Our fallback parser returns a **list** of matches, one per pair of metadata comments we find. The `key + "=" + value` trick is needed since by default conllu assumes that this is a valid comment, so `key` is "id" and `value` is everything after the first "=", `1-document_id=36:1047-span=1` (note the missing "id=" in the beginning). We need to add it back before splitting on "-".

And that's it! Using these tricks you should be able to parse all the strange files you stumble into.

## Develop locally and run the tests

1. Make a fork of the repository to your own GitHub account.

2. Clone the repository locally on your computer:
```bash
git clone git@github.com:YOURUSERNAME/conllu.git conllu
cd conllu
```

3. Install the library used for running the tests:
```bash
pip install tox
```

4. Now you can run the tests:
```bash
tox
```
This runs tox across all supported versions of Python, and also runs checks for code-coverage, syntax errors, and how imports are sorted.

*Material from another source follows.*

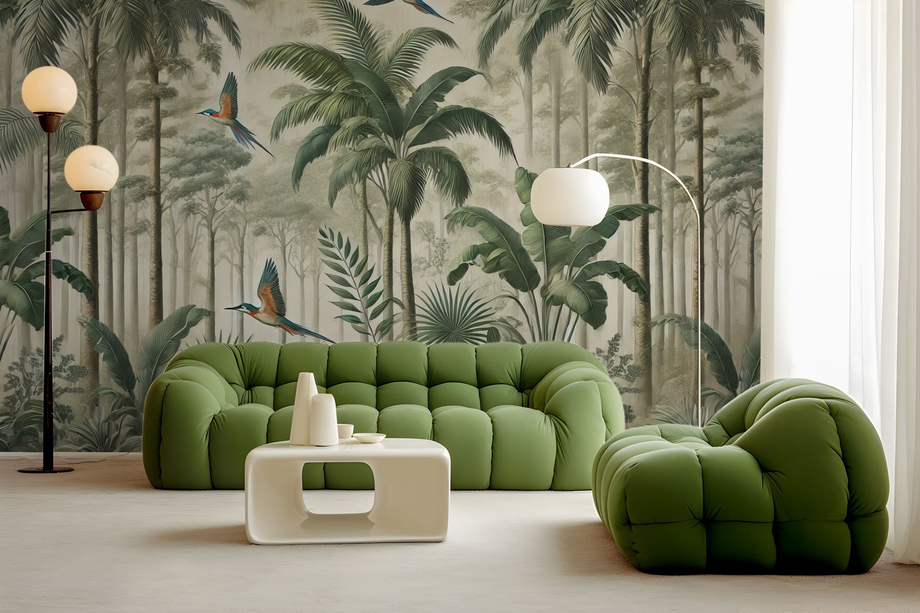 Alakítson át bármelyik szobát nyugodt meneküléssé ezzel a lenyűgöző freskóval, amelyen madarak szárnyalnak egy buja erdő felett. Képzelje el, hogy belépve egy nyugodt dzsungelben érzi magát, ahol élénk színek pompáznak, és a levegő a trópusi lombok illatával van tele. A madarak játékos repülése egy csipetnyi szeszélyt kölcsönöz, feldobva még a legunalmasabb tereket is. Ez a falfestmény tökéletesen alkalmas egy hangulatos olvasósarok vagy egy békés visszavonulási hely kialakításához, és lágyan suttogja a kalandot és a nyugalmat. Ideális mindenkinek, aki szereti a természetet, vagy csak egy kis menekülésre vágyik a mindennapi nyüzsgés elől – mert ki ne szeretné úgy érezni magát, mintha egy trópusi kiránduláson lenne? Hagyd hát, hogy a falak énekeljenek és feldobják a teret!

4. (Alternative) If you just have one version of python installed, and don't want to go through the hassle of installing multiple version of python (hint: Install pyenv and pyenv-tox), **it's fine to run tox with just one version of python**:

```bash
tox -e py38
```

5. Make a pull request. Here's a [good guide on PRs from GitHub](https://help.github.com/articles/creating-a-pull-request-from-a-fork/).

Thanks for helping conllu become a better library!